Information given section start
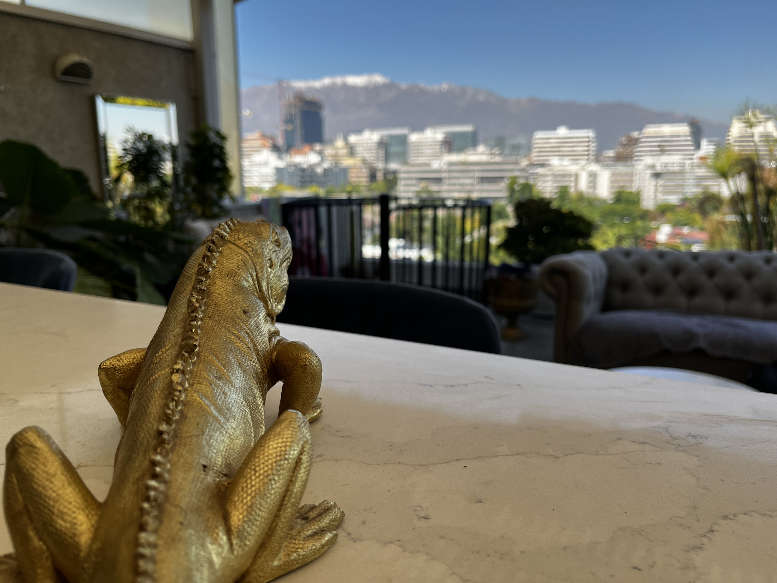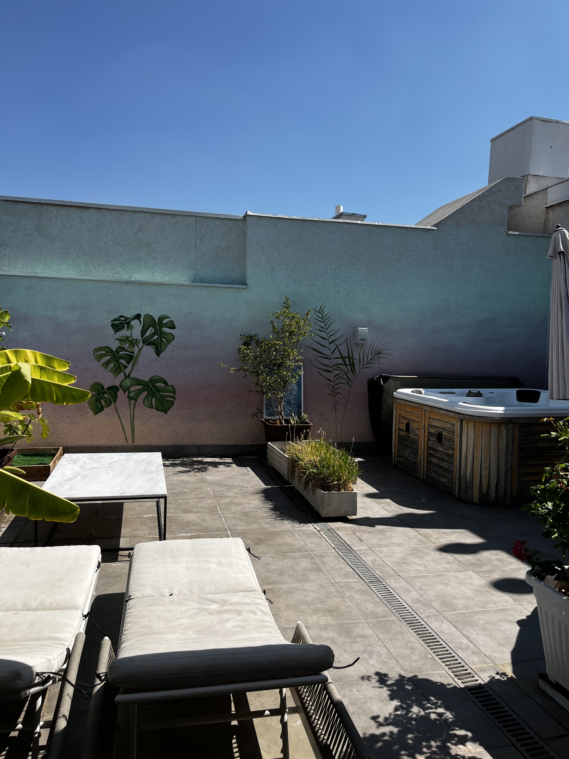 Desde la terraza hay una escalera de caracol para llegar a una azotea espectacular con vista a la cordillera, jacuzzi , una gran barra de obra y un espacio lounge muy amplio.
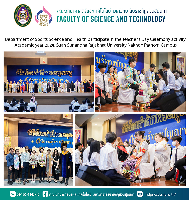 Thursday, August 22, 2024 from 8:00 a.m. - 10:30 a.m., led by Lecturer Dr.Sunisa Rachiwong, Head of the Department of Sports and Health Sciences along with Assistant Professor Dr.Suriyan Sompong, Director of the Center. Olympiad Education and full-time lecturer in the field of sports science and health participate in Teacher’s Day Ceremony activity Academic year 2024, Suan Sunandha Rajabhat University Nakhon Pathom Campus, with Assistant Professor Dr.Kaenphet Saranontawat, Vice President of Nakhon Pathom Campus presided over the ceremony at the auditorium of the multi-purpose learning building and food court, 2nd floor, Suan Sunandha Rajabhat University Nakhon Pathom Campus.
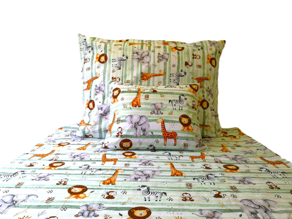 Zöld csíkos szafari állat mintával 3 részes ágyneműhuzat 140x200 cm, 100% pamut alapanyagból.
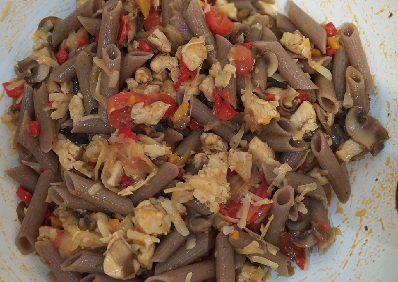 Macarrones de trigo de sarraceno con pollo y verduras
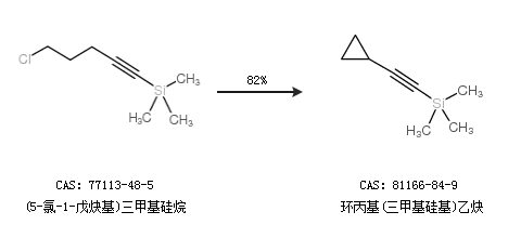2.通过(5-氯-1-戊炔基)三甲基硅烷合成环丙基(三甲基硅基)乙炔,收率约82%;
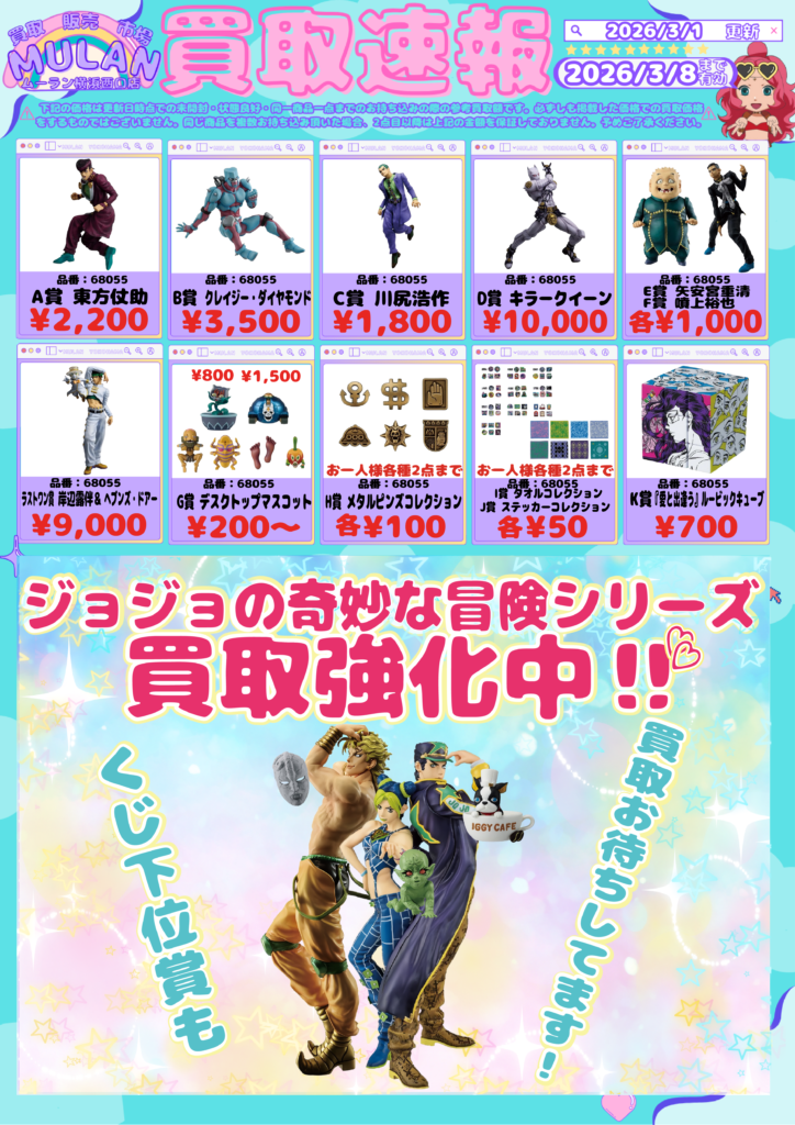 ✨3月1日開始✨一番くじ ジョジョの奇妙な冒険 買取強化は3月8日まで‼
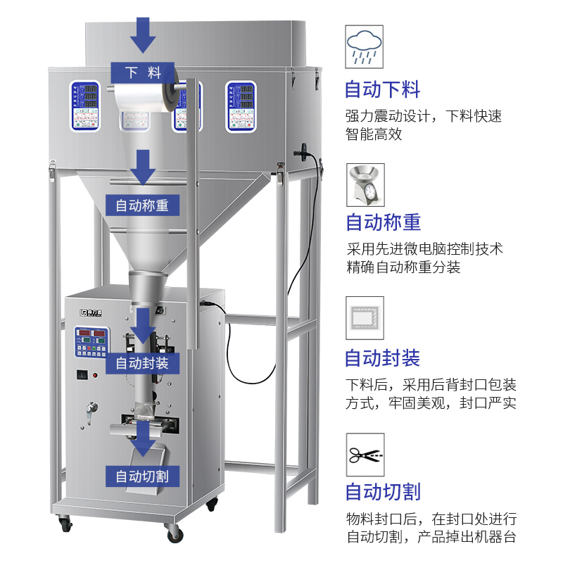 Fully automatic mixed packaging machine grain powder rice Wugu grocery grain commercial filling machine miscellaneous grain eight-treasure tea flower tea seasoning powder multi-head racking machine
Information given section end
**The problem:**
Without the pictures, return all the records precisely as they stand.

**Answer box:**
 Desde la terraza hay una escalera de caracol para llegar a una azotea espectacular con vista a la cordillera, jacuzzi , una gran barra de obra y un espacio lounge muy amplio.
 Thursday, August 22, 2024 from 8:00 a.m. - 10:30 a.m., led by Lecturer Dr.Sunisa Rachiwong, Head of the Department of Sports and Health Sciences along with Assistant Professor Dr.Suriyan Sompong, Director of the Center. Olympiad Education and full-time lecturer in the field of sports science and health participate in Teacher’s Day Ceremony activity Academic year 2024, Suan Sunandha Rajabhat University Nakhon Pathom Campus, with Assistant Professor Dr.Kaenphet Saranontawat, Vice President of Nakhon Pathom Campus presided over the ceremony at the auditorium of the multi-purpose learning building and food court, 2nd floor, Suan Sunandha Rajabhat University Nakhon Pathom Campus.
 Zöld csíkos szafari állat mintával 3 részes ágyneműhuzat 140x200 cm, 100% pamut alapanyagból.
 Macarrones de trigo de sarraceno con pollo y verduras
2.通过(5-氯-1-戊炔基)三甲基硅烷合成环丙基(三甲基硅基)乙炔,收率约82%;
 ✨3月1日開始✨一番くじ ジョジョの奇妙な冒険 買取強化は3月8日まで‼
 Fully automatic mixed packaging machine grain powder rice Wugu grocery grain commercial filling machine miscellaneous grain eight-treasure tea flower tea seasoning powder multi-head racking machine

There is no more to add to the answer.